The records:
┏━━
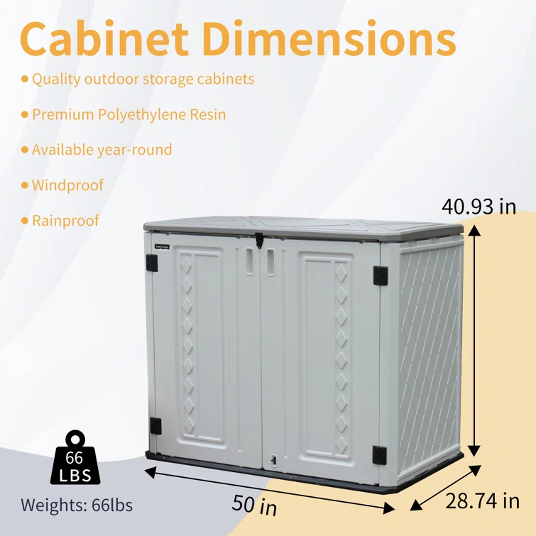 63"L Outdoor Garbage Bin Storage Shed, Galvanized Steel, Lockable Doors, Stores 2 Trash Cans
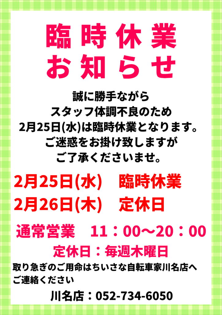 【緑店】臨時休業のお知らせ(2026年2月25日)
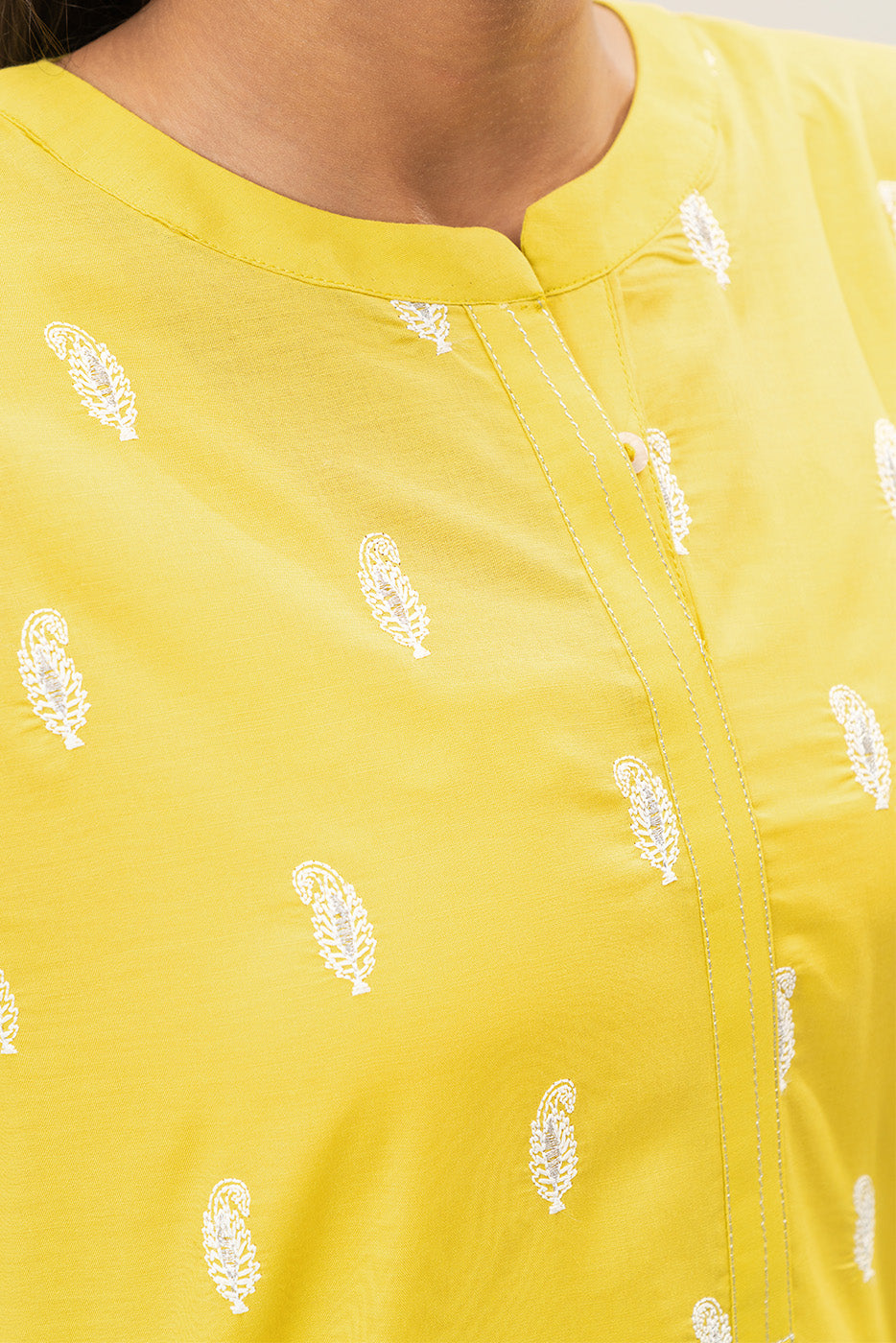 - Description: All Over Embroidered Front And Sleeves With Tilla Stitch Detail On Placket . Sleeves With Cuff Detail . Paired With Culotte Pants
┗━━
┏━━
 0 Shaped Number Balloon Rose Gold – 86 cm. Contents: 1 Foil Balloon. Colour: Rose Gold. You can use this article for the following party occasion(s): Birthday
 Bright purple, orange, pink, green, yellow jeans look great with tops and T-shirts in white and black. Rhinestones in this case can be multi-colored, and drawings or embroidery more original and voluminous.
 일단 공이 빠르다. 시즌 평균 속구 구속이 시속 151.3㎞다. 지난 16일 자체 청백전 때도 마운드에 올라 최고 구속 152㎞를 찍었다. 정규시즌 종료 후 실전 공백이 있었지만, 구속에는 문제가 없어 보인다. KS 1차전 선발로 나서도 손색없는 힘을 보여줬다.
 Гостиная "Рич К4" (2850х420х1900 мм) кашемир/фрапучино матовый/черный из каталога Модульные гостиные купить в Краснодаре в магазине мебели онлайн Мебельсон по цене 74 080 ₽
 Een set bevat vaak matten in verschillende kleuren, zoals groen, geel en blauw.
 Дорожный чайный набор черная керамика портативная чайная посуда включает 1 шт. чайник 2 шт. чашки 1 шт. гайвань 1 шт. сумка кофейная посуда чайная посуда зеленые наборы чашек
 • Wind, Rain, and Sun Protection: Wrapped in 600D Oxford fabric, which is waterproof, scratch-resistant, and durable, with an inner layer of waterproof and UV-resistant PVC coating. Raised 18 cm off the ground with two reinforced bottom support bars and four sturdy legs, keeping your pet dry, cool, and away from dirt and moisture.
┗━━
Exercise description: Reproduce the lines above, beginning at the line with "Дорожный чайный набор" and stopping after the line with "dirt and moisture.", exactly as they are.

Response below:
 Дорожный чайный набор черная керамика портативная чайная посуда включает 1 шт. чайник 2 шт. чашки 1 шт. гайвань 1 шт. сумка кофейная посуда чайная посуда зеленые наборы чашек
 • Wind, Rain, and Sun Protection: Wrapped in 600D Oxford fabric, which is waterproof, scratch-resistant, and durable, with an inner layer of waterproof and UV-resistant PVC coating. Raised 18 cm off the ground with two reinforced bottom support bars and four sturdy legs, keeping your pet dry, cool, and away from dirt and moisture.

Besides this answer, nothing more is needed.